Assignment >>
Could you reproduce the lines below from the one with "Do wyboru masz" through the one with "The Massive Establishment"? Keep both ends and add nothing.

-- Given entries follows --

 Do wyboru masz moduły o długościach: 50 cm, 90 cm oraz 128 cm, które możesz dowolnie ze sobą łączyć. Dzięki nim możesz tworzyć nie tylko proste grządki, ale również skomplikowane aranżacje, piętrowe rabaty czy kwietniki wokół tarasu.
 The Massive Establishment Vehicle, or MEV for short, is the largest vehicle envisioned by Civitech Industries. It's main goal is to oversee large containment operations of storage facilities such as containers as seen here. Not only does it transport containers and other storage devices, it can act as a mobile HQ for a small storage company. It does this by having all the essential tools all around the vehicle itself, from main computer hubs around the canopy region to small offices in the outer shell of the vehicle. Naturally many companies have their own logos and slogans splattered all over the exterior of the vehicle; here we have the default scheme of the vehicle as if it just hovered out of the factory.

-- Given entries concluded --
-- Given entries follows --

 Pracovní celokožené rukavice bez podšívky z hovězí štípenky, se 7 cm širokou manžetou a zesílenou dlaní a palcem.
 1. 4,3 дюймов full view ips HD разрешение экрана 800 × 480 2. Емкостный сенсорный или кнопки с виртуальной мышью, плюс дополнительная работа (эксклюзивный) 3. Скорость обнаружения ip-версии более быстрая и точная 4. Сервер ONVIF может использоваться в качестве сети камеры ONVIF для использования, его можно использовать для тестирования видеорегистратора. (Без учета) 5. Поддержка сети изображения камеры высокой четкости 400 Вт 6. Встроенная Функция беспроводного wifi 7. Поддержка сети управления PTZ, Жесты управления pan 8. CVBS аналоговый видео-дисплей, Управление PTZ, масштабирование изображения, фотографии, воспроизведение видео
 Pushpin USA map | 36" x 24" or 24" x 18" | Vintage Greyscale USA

-- Given entries concluded --
-- Given entries follows --

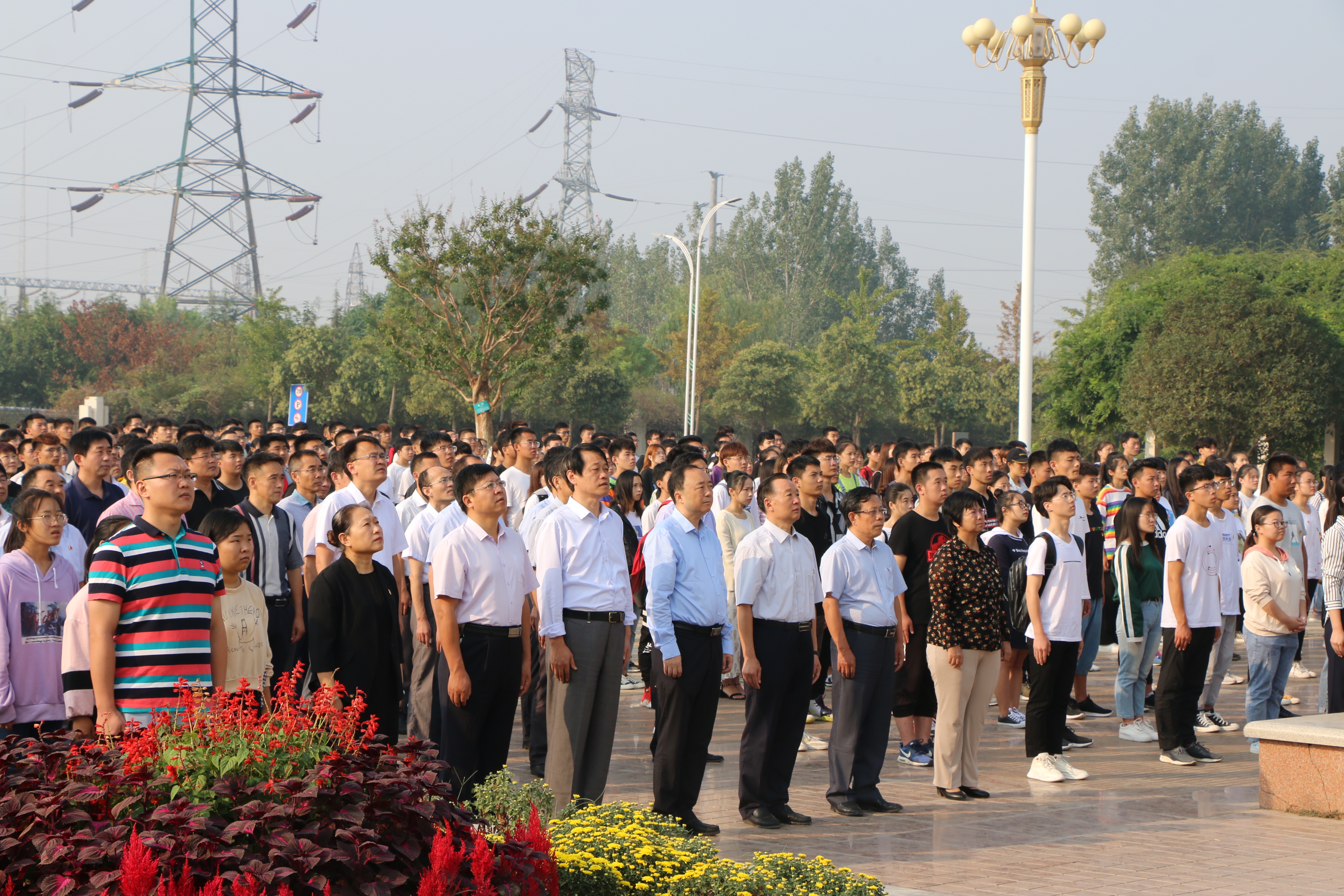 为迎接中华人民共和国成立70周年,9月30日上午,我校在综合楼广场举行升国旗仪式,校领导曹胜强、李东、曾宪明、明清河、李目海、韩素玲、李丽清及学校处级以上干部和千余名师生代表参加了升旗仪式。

-- Given entries concluded --

Solution >>
 Do wyboru masz moduły o długościach: 50 cm, 90 cm oraz 128 cm, które możesz dowolnie ze sobą łączyć. Dzięki nim możesz tworzyć nie tylko proste grządki, ale również skomplikowane aranżacje, piętrowe rabaty czy kwietniki wokół tarasu.
 The Massive Establishment Vehicle, or MEV for short, is the largest vehicle envisioned by Civitech Industries. It's main goal is to oversee large containment operations of storage facilities such as containers as seen here. Not only does it transport containers and other storage devices, it can act as a mobile HQ for a small storage company. It does this by having all the essential tools all around the vehicle itself, from main computer hubs around the canopy region to small offices in the outer shell of the vehicle. Naturally many companies have their own logos and slogans splattered all over the exterior of the vehicle; here we have the default scheme of the vehicle as if it just hovered out of the factory.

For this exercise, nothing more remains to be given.